I do have a quarrel with the judgment. That being the reading of the marriage as fasid, for though Valliamma was a Hindu when the marriage was contracted, the irregularity had been rectified when she converted and changed her name to Souda Beebi and remained the lawful wife of Ilias till his demise. It was only after his demise and the idda period that she remarried. Given that the irregularity had been rectified, the marriage whould have automatically become sahih or valid, giving her the same inheritance rights as Ilias’ first wife Saidat. I believe that the finding of the marriage to be fasih, when the irregularity had been rectified wrong in law. But, beyond that the court had delivered justice to a person whose relatives were trying to dispossess him of his rightful inheritance because his mother happened to be from a different faith within the legal system that it operates in and that is definitely laudable!
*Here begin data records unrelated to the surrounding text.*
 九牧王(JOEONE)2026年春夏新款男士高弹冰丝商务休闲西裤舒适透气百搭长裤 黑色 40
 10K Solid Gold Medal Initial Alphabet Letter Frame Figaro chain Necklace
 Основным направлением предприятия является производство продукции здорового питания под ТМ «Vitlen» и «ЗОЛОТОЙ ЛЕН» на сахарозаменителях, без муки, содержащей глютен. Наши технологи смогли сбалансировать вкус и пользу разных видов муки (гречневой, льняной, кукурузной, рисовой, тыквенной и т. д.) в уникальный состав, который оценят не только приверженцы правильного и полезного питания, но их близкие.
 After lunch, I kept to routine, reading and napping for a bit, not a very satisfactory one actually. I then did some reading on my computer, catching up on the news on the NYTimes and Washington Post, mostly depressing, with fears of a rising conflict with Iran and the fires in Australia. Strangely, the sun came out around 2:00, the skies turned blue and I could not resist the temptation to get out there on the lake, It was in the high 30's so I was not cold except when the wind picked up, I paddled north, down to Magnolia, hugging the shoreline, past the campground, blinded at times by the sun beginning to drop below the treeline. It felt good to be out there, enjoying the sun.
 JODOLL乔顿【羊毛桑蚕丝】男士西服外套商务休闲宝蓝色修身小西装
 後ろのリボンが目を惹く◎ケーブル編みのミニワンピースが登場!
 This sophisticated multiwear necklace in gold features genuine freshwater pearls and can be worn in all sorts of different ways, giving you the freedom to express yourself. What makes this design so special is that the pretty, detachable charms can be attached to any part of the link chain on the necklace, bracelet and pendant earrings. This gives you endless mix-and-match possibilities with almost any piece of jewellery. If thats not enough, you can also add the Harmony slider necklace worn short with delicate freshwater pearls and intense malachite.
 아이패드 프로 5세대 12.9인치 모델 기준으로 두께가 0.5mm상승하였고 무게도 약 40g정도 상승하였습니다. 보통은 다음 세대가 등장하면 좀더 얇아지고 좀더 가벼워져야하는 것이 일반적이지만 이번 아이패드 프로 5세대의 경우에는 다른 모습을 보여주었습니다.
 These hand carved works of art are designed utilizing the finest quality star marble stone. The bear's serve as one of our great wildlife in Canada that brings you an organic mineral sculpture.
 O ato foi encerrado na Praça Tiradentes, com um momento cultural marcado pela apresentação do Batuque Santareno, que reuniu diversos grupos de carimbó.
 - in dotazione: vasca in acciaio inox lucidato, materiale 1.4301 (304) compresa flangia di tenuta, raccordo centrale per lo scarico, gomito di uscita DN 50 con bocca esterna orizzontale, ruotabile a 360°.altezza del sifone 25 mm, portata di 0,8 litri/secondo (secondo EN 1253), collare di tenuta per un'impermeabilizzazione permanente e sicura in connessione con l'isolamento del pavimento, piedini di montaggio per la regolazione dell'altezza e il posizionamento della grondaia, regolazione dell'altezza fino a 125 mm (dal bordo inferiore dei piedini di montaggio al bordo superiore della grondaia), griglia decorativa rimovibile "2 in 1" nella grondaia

Unfortunately most people who reported it found it convenient and easy to latch on to the use of the word “irregular” in the judgment and since in a virulently Muslimophobic world, it is presumed that all Muslim women are victims and need saving from a medieval patriarchal religion and the possibility of empowered practicing Muslim women communities don’t even fall within the imagination of prejudiced and lazy reporters – the judgment was sold and consumed as regressive. The flak against the learned judges was only collateral damage of this in-the-face Muslimophobia!
I am not at all surprised by these knee jerk responses to save inter-religious marriages where no saving was required in the first place. For many a self-professed liberal, Islam is limited to saying namaz 5 times, fasting during Ramzan, biriyani, burqa and of course the very controversial talaq. However, it is much more complicated and is located in a patriarchal and hegemonic world subject to strengths and weaknesses that all human institutions have. And if there is any need for saving anybody from anyone – from Women to Muslims to Dalits – it is from quick-read-Sitarams who conveniently homogenize everything to fit into their theoretical prejudices!!